• **Data excerpts**
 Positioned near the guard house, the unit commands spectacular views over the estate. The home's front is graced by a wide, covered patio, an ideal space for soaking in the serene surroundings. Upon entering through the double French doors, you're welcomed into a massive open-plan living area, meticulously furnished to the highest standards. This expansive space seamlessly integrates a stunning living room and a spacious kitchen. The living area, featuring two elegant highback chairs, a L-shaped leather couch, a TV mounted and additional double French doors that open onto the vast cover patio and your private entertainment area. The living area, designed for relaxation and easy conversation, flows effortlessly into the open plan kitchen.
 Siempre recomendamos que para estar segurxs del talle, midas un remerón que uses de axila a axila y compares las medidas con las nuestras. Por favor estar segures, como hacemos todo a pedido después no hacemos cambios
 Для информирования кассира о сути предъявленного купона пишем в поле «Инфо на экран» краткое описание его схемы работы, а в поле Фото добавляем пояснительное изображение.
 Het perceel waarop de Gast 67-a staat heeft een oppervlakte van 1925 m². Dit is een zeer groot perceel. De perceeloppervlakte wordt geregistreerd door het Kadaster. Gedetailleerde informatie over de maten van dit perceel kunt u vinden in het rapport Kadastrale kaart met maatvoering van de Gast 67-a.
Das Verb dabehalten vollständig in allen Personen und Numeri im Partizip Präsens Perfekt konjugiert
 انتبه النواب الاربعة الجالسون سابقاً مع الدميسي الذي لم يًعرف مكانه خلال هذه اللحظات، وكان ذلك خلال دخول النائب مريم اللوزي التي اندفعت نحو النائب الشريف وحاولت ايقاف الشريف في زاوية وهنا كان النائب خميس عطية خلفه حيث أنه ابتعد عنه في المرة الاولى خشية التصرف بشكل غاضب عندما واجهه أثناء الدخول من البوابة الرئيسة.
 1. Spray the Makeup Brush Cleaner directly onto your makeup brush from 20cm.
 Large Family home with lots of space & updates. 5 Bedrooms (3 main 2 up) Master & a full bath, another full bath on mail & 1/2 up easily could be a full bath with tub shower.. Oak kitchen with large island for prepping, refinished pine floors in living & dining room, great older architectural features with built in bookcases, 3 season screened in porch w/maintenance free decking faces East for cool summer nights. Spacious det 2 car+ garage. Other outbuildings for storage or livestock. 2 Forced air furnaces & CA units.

• **Work required**
Show every line from the listing that contains "room".

• **Exercise result**
 Positioned near the guard house, the unit commands spectacular views over the estate. The home's front is graced by a wide, covered patio, an ideal space for soaking in the serene surroundings. Upon entering through the double French doors, you're welcomed into a massive open-plan living area, meticulously furnished to the highest standards. This expansive space seamlessly integrates a stunning living room and a spacious kitchen. The living area, featuring two elegant highback chairs, a L-shaped leather couch, a TV mounted and additional double French doors that open onto the vast cover patio and your private entertainment area. The living area, designed for relaxation and easy conversation, flows effortlessly into the open plan kitchen.
 Large Family home with lots of space & updates. 5 Bedrooms (3 main 2 up) Master & a full bath, another full bath on mail & 1/2 up easily could be a full bath with tub shower.. Oak kitchen with large island for prepping, refinished pine floors in living & dining room, great older architectural features with built in bookcases, 3 season screened in porch w/maintenance free decking faces East for cool summer nights. Spacious det 2 car+ garage. Other outbuildings for storage or livestock. 2 Forced air furnaces & CA units.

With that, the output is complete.